◆ GIVEN DATA ◆
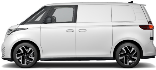
Candy White Solid 1 B4B4
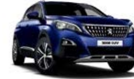
Magnetic Blue (Metallic)
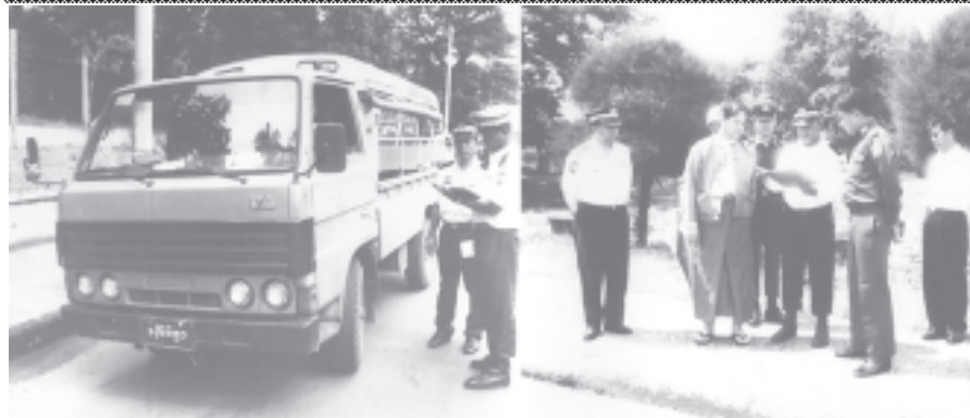
Dry Day Supervisory Committee members and dry day inspection teams check departmental vehicles.

YANGON, 12 Sept — Member of the Dry Day Supervisory Committee Deputy Minister for Construction U Tint Swe, Deputy Minister for Hotels and Tourism Brig-Gen Aye Myint Kyu, Lt-Col Aung Thu of the Office of the Quartermaster-General, Commandant Maj Hla Myint Oo of Provost Unit (Air), Directors-General U Kyaw San Win, U Thaik Tun and U Khin Maung, Director Lt-Col Tin Maung Kyi, Secretary Deputy Director-General U Sein Hla of the Government Office and Joint-Sec-
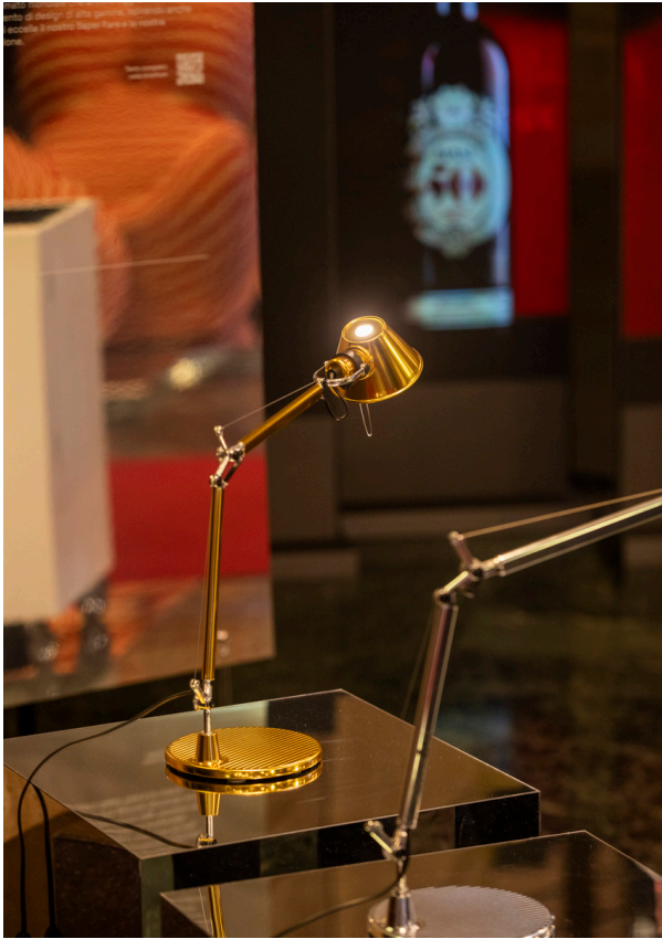
Tolomeo Micro Table - Michele De Lucchi & Giancarlo Fassina
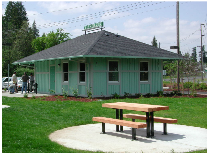
Linneman Station, designed as part of Alta's Phase V improvements to the Springwater Corridor in Oregon, includes this trailhead, which features equestrian trailer parking and a museum designed to capture the essence of the historic Linneman Station building.
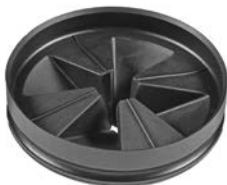
Removable Baffle - Quiet Collar Sink Baffle For models 56, 65, 65+, 66, EVO100, EVO200 and SEPTIC2000 Product Code: IP77960
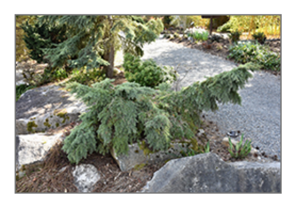
Elizabeth Mountain Hemlock

This shrub will require occasional maintenance and upkeep, and is best pruned in late winter once the threat of extreme cold has passed. Gardeners should be aware of the following characteristic(s) that may warrant special consideration;
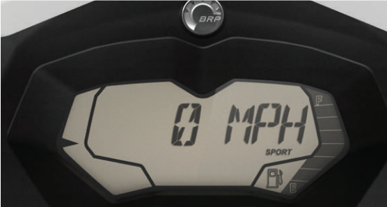
iTC™ Sport (HO engine) / Touring mode

◆ TASK REQUIREMENTS ◆
Give back exactly the lines from the one containing "Linneman Station, designed" through the last line above, both included, and none of the pictures.

◆ SOLVED EXERCISE ◆
Linneman Station, designed as part of Alta's Phase V improvements to the Springwater Corridor in Oregon, includes this trailhead, which features equestrian trailer parking and a museum designed to capture the essence of the historic Linneman Station building.
Removable Baffle - Quiet Collar Sink Baffle For models 56, 65, 65+, 66, EVO100, EVO200 and SEPTIC2000 Product Code: IP77960
Elizabeth Mountain Hemlock

This shrub will require occasional maintenance and upkeep, and is best pruned in late winter once the threat of extreme cold has passed. Gardeners should be aware of the following characteristic(s) that may warrant special consideration;
iTC™ Sport (HO engine) / Touring mode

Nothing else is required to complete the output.